5G – Oppo goes 5G (soon)

10x Lossless Zoom

While much of the focus at the Oppo Innovation Event 2019 was about the company’s 10x Lossless Zoom technology, the other was 5G. Specifically, Oppo’s involvement in the development of 5G technology and its near-term plans.

Those plans include the launch of a 5G phone before year’s end, including in Australia. It’s not surprising that this should be happening in Australia, since of Oppo’s four international mobile carrier partners, two are Australian: Telstra and Optus.

Details of the phone are not yet available, although it plans to be one of the first to have a model on the market. In December 2018 it developed a prototype, based on the Oppo Find X phone.

Present at the event was Cristiano Amon, President of Qualcomm Inc. He says that the 5G Oppo phone will use the “Qualcomm Snapdragon 855 Mobile Platform with the X50 5G modem, integrated RF transceiver and RF Front-End solutions.” He noted that the 855 has twice the “AI” performance of the nearest competitor. He stressed, in particular, the high speeds and low latency of 5G.

5G
Cristiano Amon, President of Qualcomm Inc

5G Latency

Latency is the time delay between an action and its response in the system. Say you’re playing an on-line game. You press a button. The device responds by sending a signal to the server which then takes some action. If your button is a trigger in a First Person Shooter game, the action will be the virtual gun firing.

In real life, we all have our own “latency”. Our nervous systems take time to respond. Typically this is around 0.2 to 0.3 of a second (that is, 200 to 300 milliseconds). If the system adds another 100 milliseconds to that delay, then you’re going to have trouble winning your virtual battle. What you’re shooting at will have moved before you pull the trigger.

The aim in 5G is to get latency down to just 1 millisecond. Whether that will happen in practice remains to be seen. Still, there’s a lot of stress on enormous improvements in online gaming to be realised with 5G.

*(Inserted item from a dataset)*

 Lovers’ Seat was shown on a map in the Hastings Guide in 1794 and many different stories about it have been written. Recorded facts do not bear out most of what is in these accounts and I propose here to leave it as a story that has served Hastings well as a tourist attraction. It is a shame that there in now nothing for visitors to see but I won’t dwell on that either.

More importantly, it could provide significant dividends for certain IoT – Internet of Things – applications, and real world remote control. Certain remote control medical services, for example, can only be effective with instant responsiveness.

Latency is an entirely different thing to data speeds. Those will also benefit, with the aim of a reliable user experience of 1Gbps, or ten times the maximum presently available from the NBN.

Oppo Investment in 5G

In 2019 Oppo is investing $US1.5 million in 5G development. The company is conducting its research globally, with 6 Research Divisions, 4 R&D Centres and 3 Design Centres.

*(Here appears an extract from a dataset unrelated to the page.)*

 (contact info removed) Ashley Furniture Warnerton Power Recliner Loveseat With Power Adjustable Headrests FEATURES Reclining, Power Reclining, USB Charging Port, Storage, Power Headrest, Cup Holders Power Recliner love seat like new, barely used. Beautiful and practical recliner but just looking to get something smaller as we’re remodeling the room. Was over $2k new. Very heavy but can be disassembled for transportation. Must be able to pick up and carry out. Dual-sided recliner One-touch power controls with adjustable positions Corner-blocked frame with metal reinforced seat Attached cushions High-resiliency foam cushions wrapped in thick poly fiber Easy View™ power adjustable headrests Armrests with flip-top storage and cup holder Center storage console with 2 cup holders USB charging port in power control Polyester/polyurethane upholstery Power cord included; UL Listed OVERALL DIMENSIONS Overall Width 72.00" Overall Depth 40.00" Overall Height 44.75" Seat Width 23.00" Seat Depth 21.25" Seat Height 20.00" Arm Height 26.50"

It has submitted some two thousand 5G-related patents. This is part of its 5G Standardisation process, although I’ll confess to not quite understanding how patents fit into standardisation.

Oppo itself sees the higher throughput available from 5G lending itself to effective online cloud gaming and the increased use of mobile Augmented Reality and Virtual Reality.

But it notes, correctly, that a myriad of developers will come up with all manner of innovative uses that simply can’t be envisaged today.

The writer attended the Oppo Innovation Event 2019 in Barcelona, Spain, as a guest of Oppo.